Supplied data
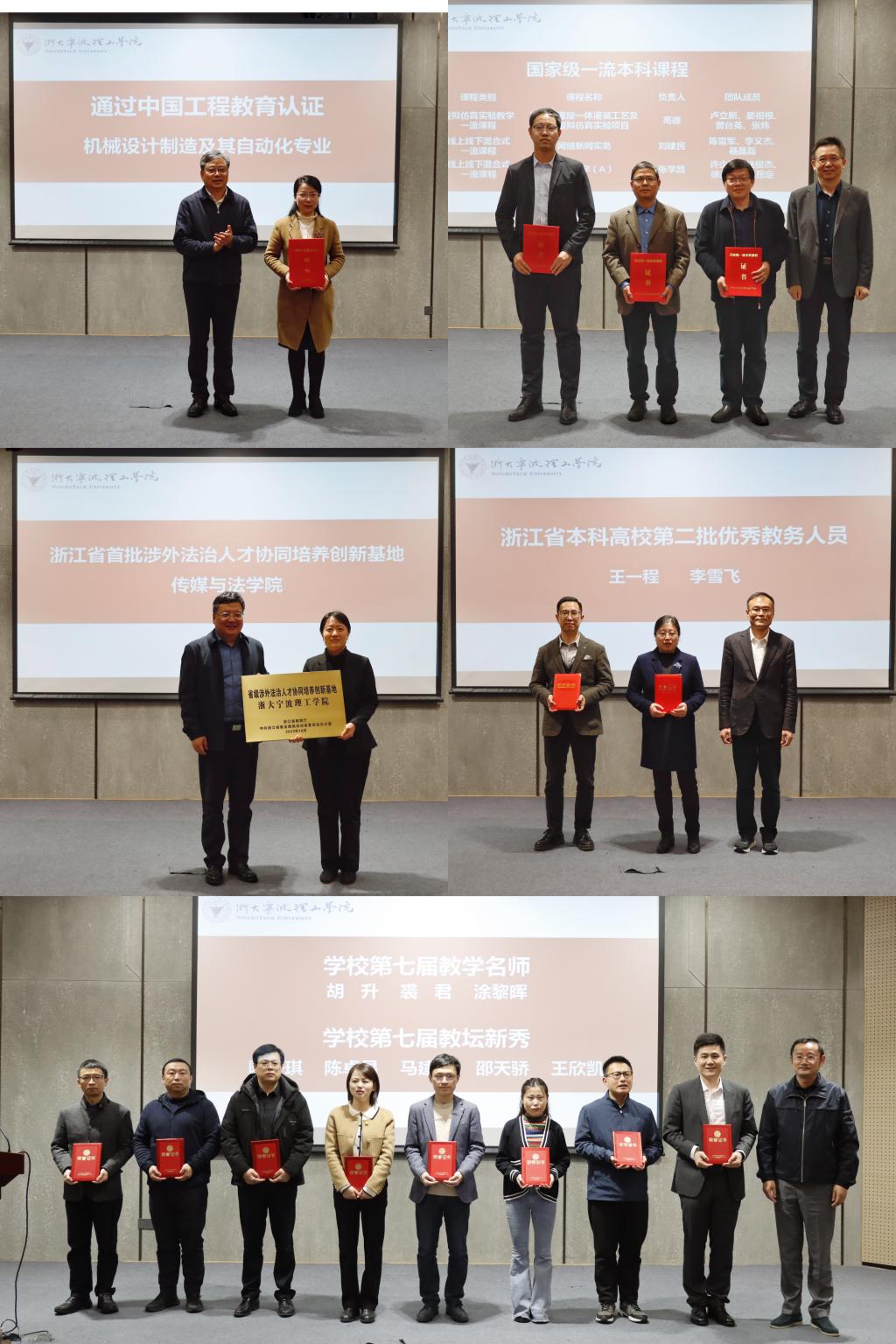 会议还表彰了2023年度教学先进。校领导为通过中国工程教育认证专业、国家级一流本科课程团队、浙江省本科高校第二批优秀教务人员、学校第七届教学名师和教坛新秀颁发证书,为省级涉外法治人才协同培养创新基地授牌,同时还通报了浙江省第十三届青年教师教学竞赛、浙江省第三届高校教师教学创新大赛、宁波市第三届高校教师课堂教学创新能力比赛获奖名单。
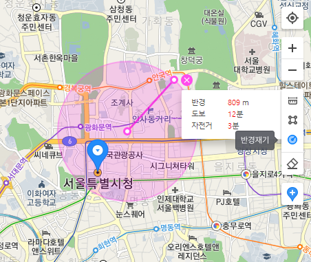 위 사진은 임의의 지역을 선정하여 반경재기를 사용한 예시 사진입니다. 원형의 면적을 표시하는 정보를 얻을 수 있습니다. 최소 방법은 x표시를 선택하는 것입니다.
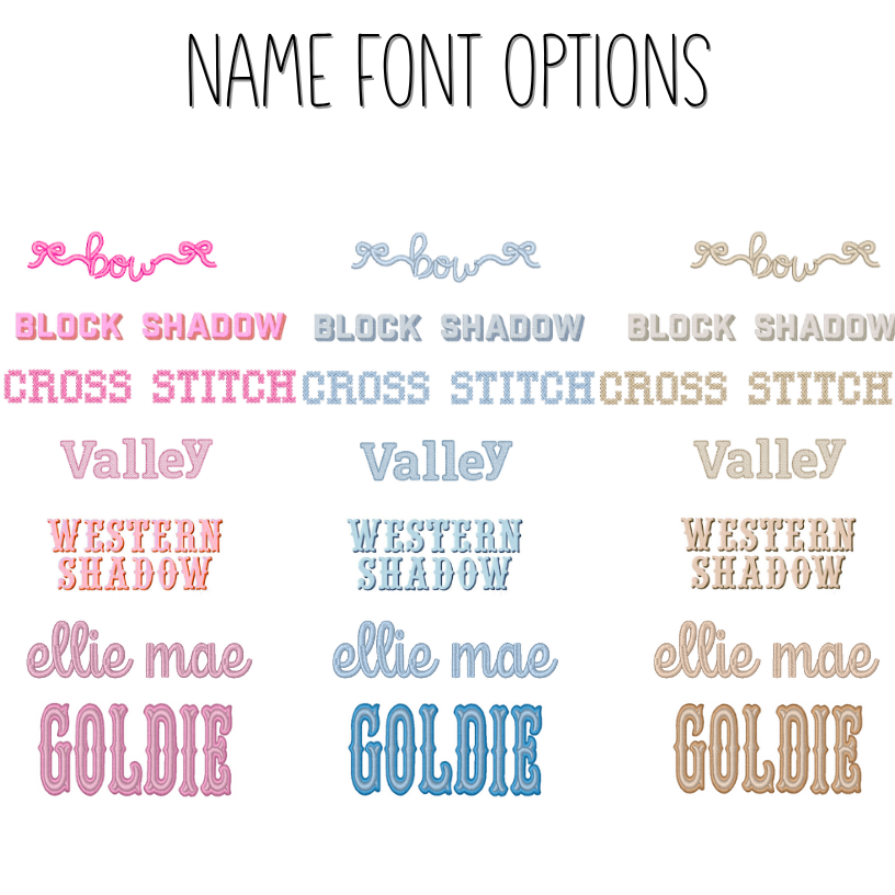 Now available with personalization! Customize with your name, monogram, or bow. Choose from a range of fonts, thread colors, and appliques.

How to complete this task
Drop the pictures and reproduce the rest of the data exactly.

Result for this exercise
 会议还表彰了2023年度教学先进。校领导为通过中国工程教育认证专业、国家级一流本科课程团队、浙江省本科高校第二批优秀教务人员、学校第七届教学名师和教坛新秀颁发证书,为省级涉外法治人才协同培养创新基地授牌,同时还通报了浙江省第十三届青年教师教学竞赛、浙江省第三届高校教师教学创新大赛、宁波市第三届高校教师课堂教学创新能力比赛获奖名单。
 위 사진은 임의의 지역을 선정하여 반경재기를 사용한 예시 사진입니다. 원형의 면적을 표시하는 정보를 얻을 수 있습니다. 최소 방법은 x표시를 선택하는 것입니다.
 Now available with personalization! Customize with your name, monogram, or bow. Choose from a range of fonts, thread colors, and appliques.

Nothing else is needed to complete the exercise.